Key Experimental Results¶

Setup: Test set of 50 videos (primarily from Pixabay) with 6 predefined light trajectories. IC-Light is used as the image model and AnimateDiff as the VDM, with \(T_m=25\). Baselines include per-frame IC-Light, IC-Light+SDEdit, and LAV-Traj (Light-A-Video with trajectory light maps as background). Metrics include video quality (AQ↑, FVD↓), controllability (PSNR\(_y\)↑, PSNR\(_{light}\)↑), and a 40-person user study across four dimensions.

Main Results¶

Method	AQ↑	FVD↓	PSNR\(_y\)↑	PSNR\(_{light}\)↑	VS↑	LC↑	LQ↑	ALT↑
IC-Light	0.5937	1018.5	11.059	15.850	1.00%	15.00%	3.00%	9.73%
IC-Light+SDEdit-0.2	0.5907	1134.8	11.009	16.249	2.50%	2.00%	0.50%	3.00%
IC-Light+SDEdit-0.6	0.5681	1630.9	10.980	16.385	4.75%	1.09%	0.50%	3.27%
LAV-Traj	0.6157	1077.4	11.043	17.755	23.50%	4.00%	20.00%	10.27%
LightCtrl (Ours)	0.6114	993.1	11.768	18.532	68.25%	77.91%	74.86%	73.73%

Ablation Study¶

Configuration	Effect (Qualitative)
LAV-Traj (Baseline)	Strong consistency → Failure to handle continuously moving trajectories.
+ Geometry-Aware Relighting	Face lighting becomes more realistic; removes incorrect highlights from the source video (e.g., on grass).
+ Light Map Injection	Enhanced controllability of lighting movement while retaining global details.

Key Findings¶

Superior Controllability: LightCtrl achieves the highest PSNR\(_y\) and PSNR\(_{light}\), indicating that illumination in masked areas is most accurate and consistent with the light map.
Balance Between Quality and Control: LAV-Traj has the highest AQ due to consistency constraints but fails in control; LightCtrl achieves the lowest FVD and near-optimal AQ.
Overwhelming User Preference: LightCtrl is preferred in 68%–78% of cases across all four dimensions (smoothness, controllability, light quality, light-text consistency).
SDEdit is Insufficient: Simple noising/denoising smooths the video but fails to enforce lighting consistency or control.

Highlights & Insights¶

Contribution in Task Definition: Defining "controllable video relighting" addresses a genuine creative need where dynamic local lighting serves narrative goals.
Explicit Control without Training: Achieving precise control over "how light moves" purely through noise injection and frequency-domain correction is highly efficient.
Transfer of "Noise-Guided Motion": Moving the FreeTraj concept from object motion to light movement reveals the strong prior effect of diffusion initial noise on generative dynamics.
Decoupling via Frequency Filtering: Using a Butterworth filter that transitions from all-pass to low-pass effectively "cleans" original lighting before "restoring" details.

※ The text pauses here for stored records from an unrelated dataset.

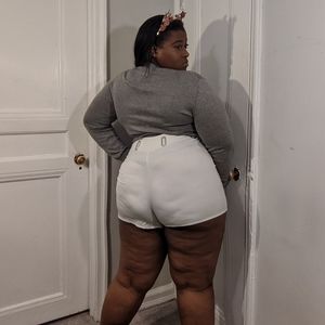 Ivory colored shorts with silver design ovals around waistband. Worn once. (For the pictures shown above.) They're a size 3x, but they fit likes 2x.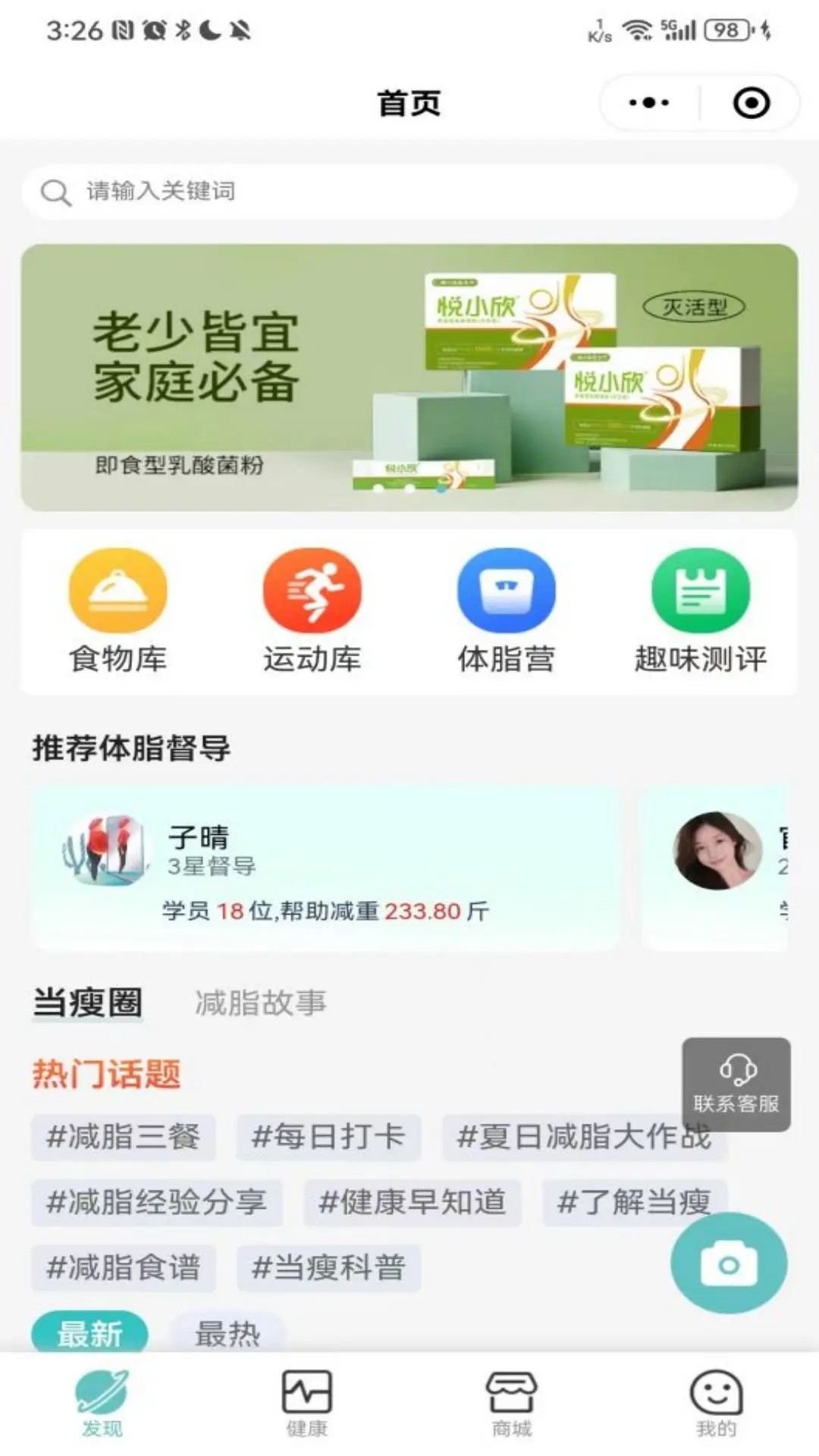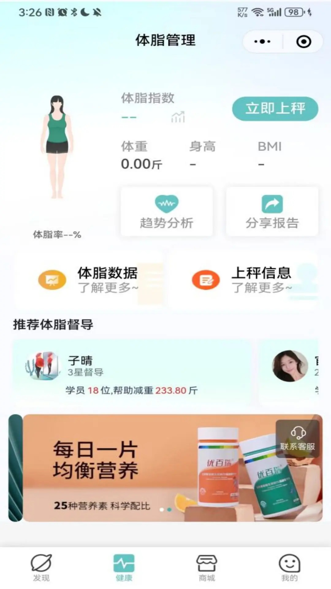 当瘦减脂APP的主要运营方向聚焦于体脂秤。在该APP上线了体脂秤产品,可供用户直接在线购买。体脂秤能够帮助用户知晓自己每次称重时的健康状况,而用户可依据自身的健康情况来制定专属的减肥计划。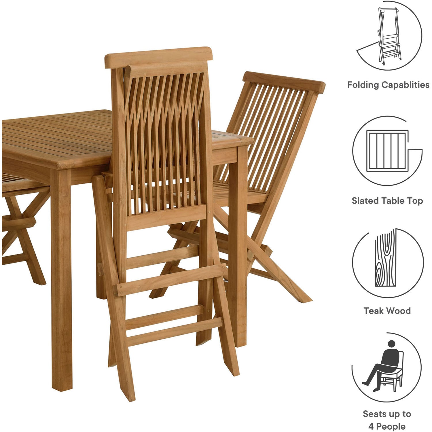 Modway Furniture Vienna 5-Piece Outdoor Patio Teak Wood Dining Set with Folding Chairs by Modway, 889654177906, EEI-6931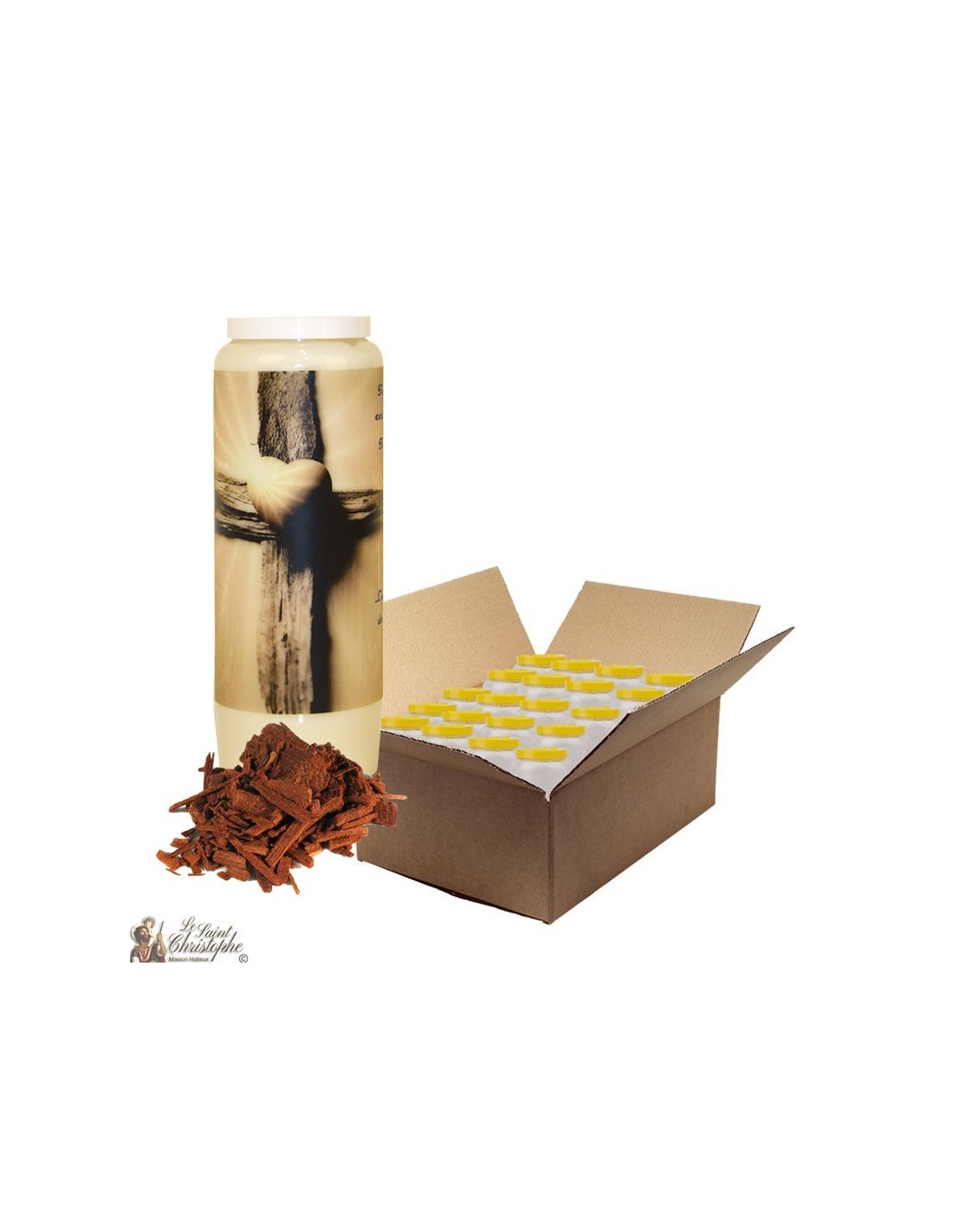 Bougie de neuvaine pour défunt parfum bois de santal - Croix - carton 20 pièces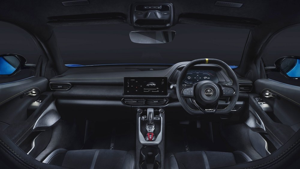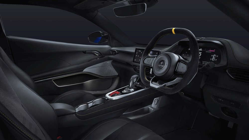 Emira — не только последняя бензиновая модель в истории Lotus, но и самая комфортная: она предлагает два багажника (208 + 151 л), современные электронные ассистенты водителя, климат-контроль, кресла с подогревом и двенадцатью электрорегулировками, 340-ваттную 10-канальная аудиосистему KEF, камеру заднего вида, мультимедийную систему с 10,25-дюймовым сенсорным экраном (есть поддержка Apple CarPlay и Android Auto) и 12,3-дюймовый настаиваемый виртуальный щиток приборов.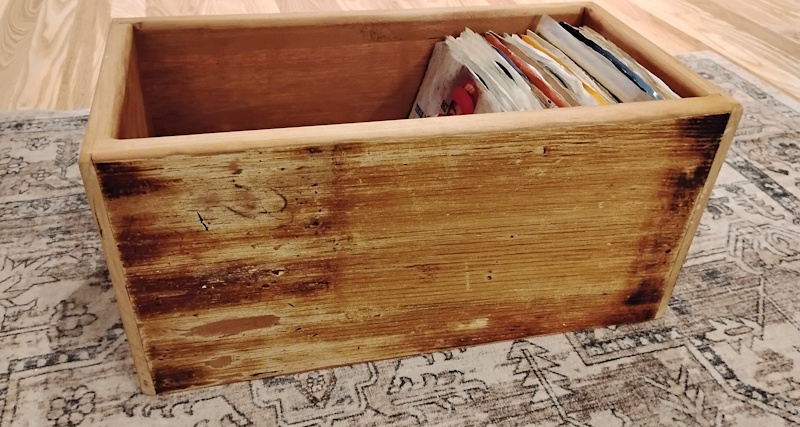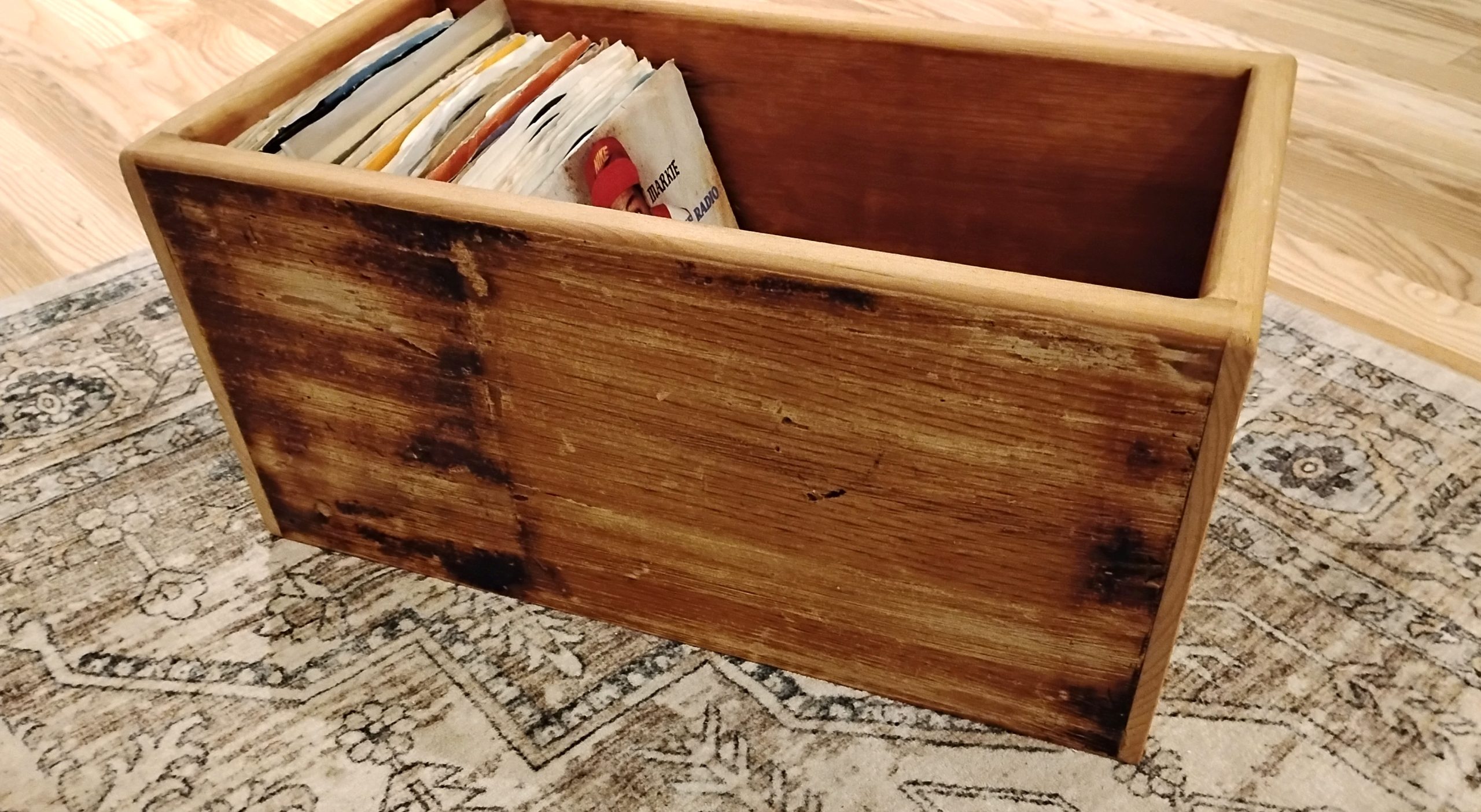 Custom one off fabrication 7″ record box. Fits around 150 45 7″ records. Re-claimed wood shows history with aged patina.

Limitations & Future Work¶

Dependence on Foundation Models: Performance is capped by the underlying image relighting and VDM models; flickers can occur when light paths cross foreground objects.
Lack of 3D Scene Awareness: The current method does not understand 3D light paths, making it difficult to handle complex light-shadow occlusions in physical space.
Persistent Strong Shadows: Original shadows can remain even with geometric priors (e.g., shadows on the right side of a "cat").
Future Work: Plans to integrate newer video diffusion bases and design more advanced architectures for higher-quality controllable lighting.

Image Relighting: IC-Light, DiLightNet, SwitchLight.
Video Relighting: RelightVid (training-based), Light-A-Video (training-free baseline).
Controllable Video Generation: FreeTraj (inspired the noise injection approach), Trailblazer, ControlNet.
Insights: The "initial noise" of diffusion models is an undervalued entry point for controllability. Transferring noise/frequency domain tricks from object control to light control is a cost-effective path to new capabilities.

Rating¶

Novelty: ⭐⭐⭐⭐ First to solve user-defined light trajectories. The LMI + GAR combination is clever for a training-free setting.
Experimental Thoroughness: ⭐⭐⭐ Good qualitative and user study results; however, the test set is relatively small and direct quantitative comparison with training-based RelightVid is absent.
Writing Quality: ⭐⭐⭐⭐ The motivation is well-articulated, and the frequency-domain scheduling is clearly explained with formulas.
Value: ⭐⭐⭐⭐ Highly practical for content creation tools due to its training-free and plug-and-play nature.